From December 2010 onwards, the loans went into default. Negotiations took place to try to resolve matters but proved unsuccessful and the debt now stands at €2 million.

In 2012, the Keanes said they became aware of a title issue with Camelton which became a central issue of dispute with the bank.

The judge said the title deeds for Camelton comprise two separate listings, or folios, with most of the property in one folio.

However, the other folio for some 2.8 hectares covers 60-100 metres of the entrance driveway to Camelton. The Keanes got the opinion of senior counsel who advised that this meant the couple did not hold good marketable title to Camelton, the judge said.

As a result of this the Keanes asserted Camelton was unsaleable and has a zero valuation, he said.

At the time they got the Ulster Bank loans, the bank was provided with a certificate of title for Camelton which “did not advert to any issues” concerning the entrance driveway or rights of way, the judge said.

The Keanes bought Camelton from Donal’s parents for IR£350,000 in 1996.

The judge said the Keane parents were fully aware that part of the driveway entrance was not included in the main property title deed.

He said this was clear from a number of statutory declarations which the Keane parents included in the deed stating they and previous owners had exclusive use of the entrance. It also stated none of the owners, at any time, acknowledged the right or interest of any party to this part of the property.

Donal Keane’s mother swore an affidavit in 2012 stating when the house and farm were transferred to Donal and his wife the couple were “fully aware of the situation” regarding access.
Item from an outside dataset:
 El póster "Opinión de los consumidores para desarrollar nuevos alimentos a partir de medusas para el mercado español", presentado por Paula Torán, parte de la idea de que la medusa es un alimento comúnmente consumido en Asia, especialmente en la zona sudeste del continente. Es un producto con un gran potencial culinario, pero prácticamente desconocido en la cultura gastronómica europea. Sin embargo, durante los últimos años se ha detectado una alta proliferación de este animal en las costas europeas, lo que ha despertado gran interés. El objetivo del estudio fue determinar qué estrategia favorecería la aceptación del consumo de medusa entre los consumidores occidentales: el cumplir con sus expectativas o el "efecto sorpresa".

She also said she was shocked at a claim by Donal that he had been told by his parents that the access was by the express permission of an adjoining landowner.

To suggest that her late husband, who was himself an experienced conveyancing solicitor, would have bought Camelton in 1975 and then “gone cap in hand to a neighbour” for permission to access the purchased property was “a most grievous insult” to her husband’s memory and reputation, she said.
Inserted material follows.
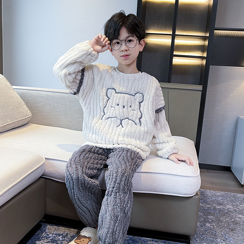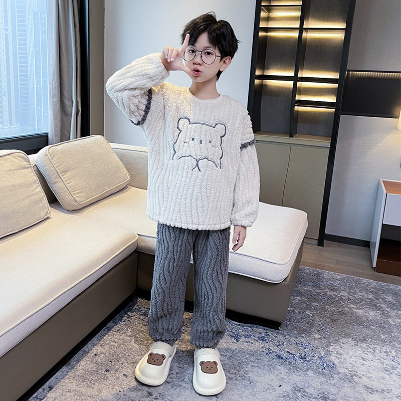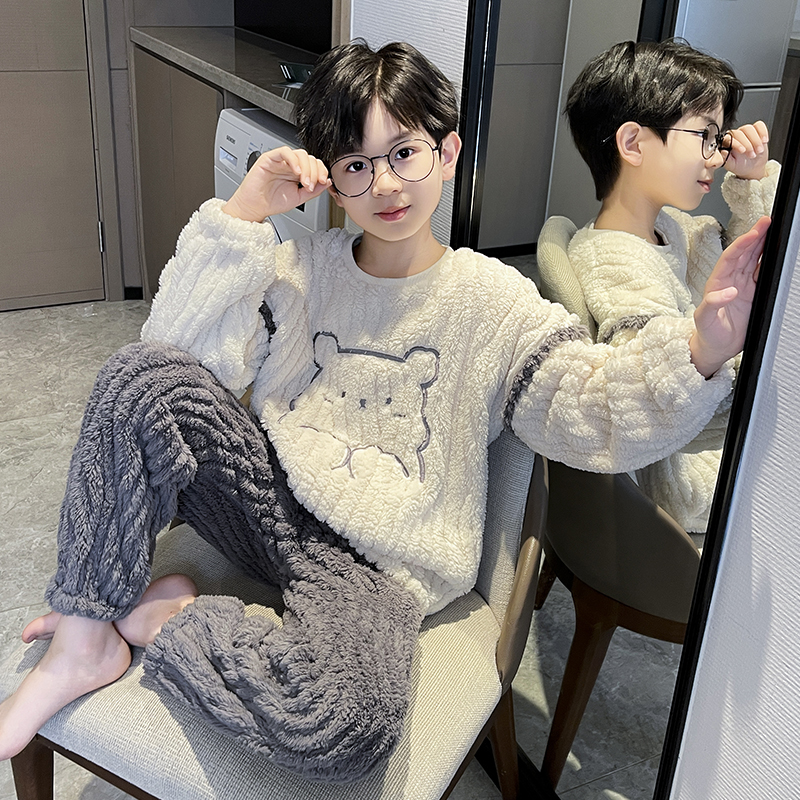 儿童装男童睡衣秋冬款珊瑚绒法兰绒中大童加绒加厚男孩冬季家居服

Mr Justice Noonan said it was perhaps surprising, given that Donal and Frederique Keane are themselves experienced lawyers, that they appear to have known nothing of these important statutory declarations as to title when they instructed senior counsel to give an opinion on title.

At a minimum one would expect a person seeking counsel’s opinion would first obtain copies of the title documents from their own solicitor, he said.

It was difficult to understand Donal Keane’s motivation in drawing a verbal exchange with his father to the attention of Ulster Bank which had the effect of undermining the title to his own property when the documents appear to indicate that the title was sound, he said.

“The only plausible explanation for such an act of self-sabotage is that it was an artifice designed to create difficulty for the bank in enforcing its security,” he said.

This impression is fortified by “the remarkable fact” that 12 years since being allegedly alerted to the title defect, the couple had done nothing to try to address it, he said.